Reducing the number of municipalities in Japan to a third or even a fifth would save almost 5 trillion yen a year in total expenditures by municipalities, according to government sources.

According to calculations by the Public Management, Home Affairs, Posts and Telecommunications Ministry, if mergers were used to reduce the number of municipalities to 1,140 or 622 from the roughly 3,200 now, local governments could save between 4 trillion yen and 5 trillion yen — approximately 10 percent of the total expenditure of all municipalities in the combined fiscal 1999 spending of about 54 trillion yen.

The potential savings are equivalent to the shortage of about 4.5 trillion yen in local allocation taxes in fiscal 2001, the sources said, adding that the shortage is being covered by private-sector borrowing.

The calculations also show that such large-scale municipality mergers would significantly contribute to shoring up central and local government finances.

The Economic and Fiscal Policy Council also urges prompt reorganization of local governments in its basic policy.
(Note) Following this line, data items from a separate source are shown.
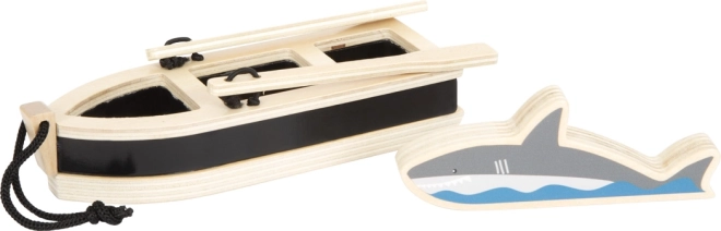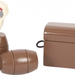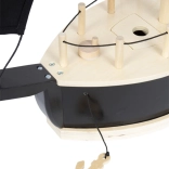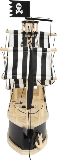 Ga op avontuur met dit robuuste houten piratenschip van SMALL FOOT, boordevol details en accessoires. Je vindt er hijsbare zeilen, een werkend kanon met vilten kogels, beweeglijke piraten, een roeiboot, een papegaai, een schatkist, een vat en zelfs een haai. Realistische elementen zoals een ankerlier, touwladders, een kraan met haak en opbergruimte in het ruim stimuleren fantasierijk spel en de ontwikkeling van de motoriek van kinderen.
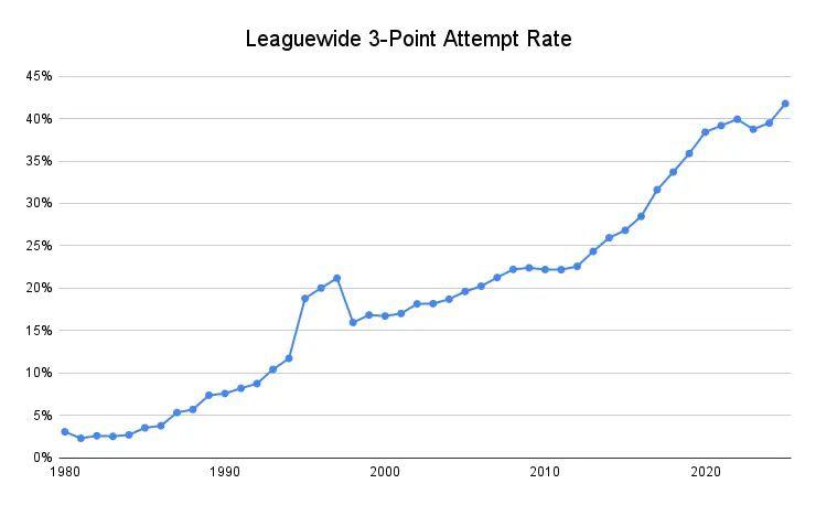 However, the early growth in 2024-25 looks like last decade’s. Look at the skyward turn at the far right of that graph—rather than level off, the NBA’s 3-point revolution has leveled up again, to 42 percent of all shot attempts.
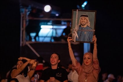 ولم ينسى حسين الجسمي كعادته في حفلاته، بحسب النشطاء، التطبيل لرئيسه محمد بن زايد عبر أغانيه، وكذلك ملك الأردن عبدالله الثاني وامتداحهم.

However, many municipalities are against such accelerated mergers under the central government’s initiative, preferring instead to merge voluntarily. It is also not yet clear how such a radical reduction of municipalities would be conducted.

The ministry sources said the most significant savings would be reaped in personnel expenses, as a decrease of number of municipalities means fewer local governments heads, assembly members and civil servants.

The figures, however, are only rough estimates, and were calculated without taking into account specific local conditions, meaning savings would vary from one region to another.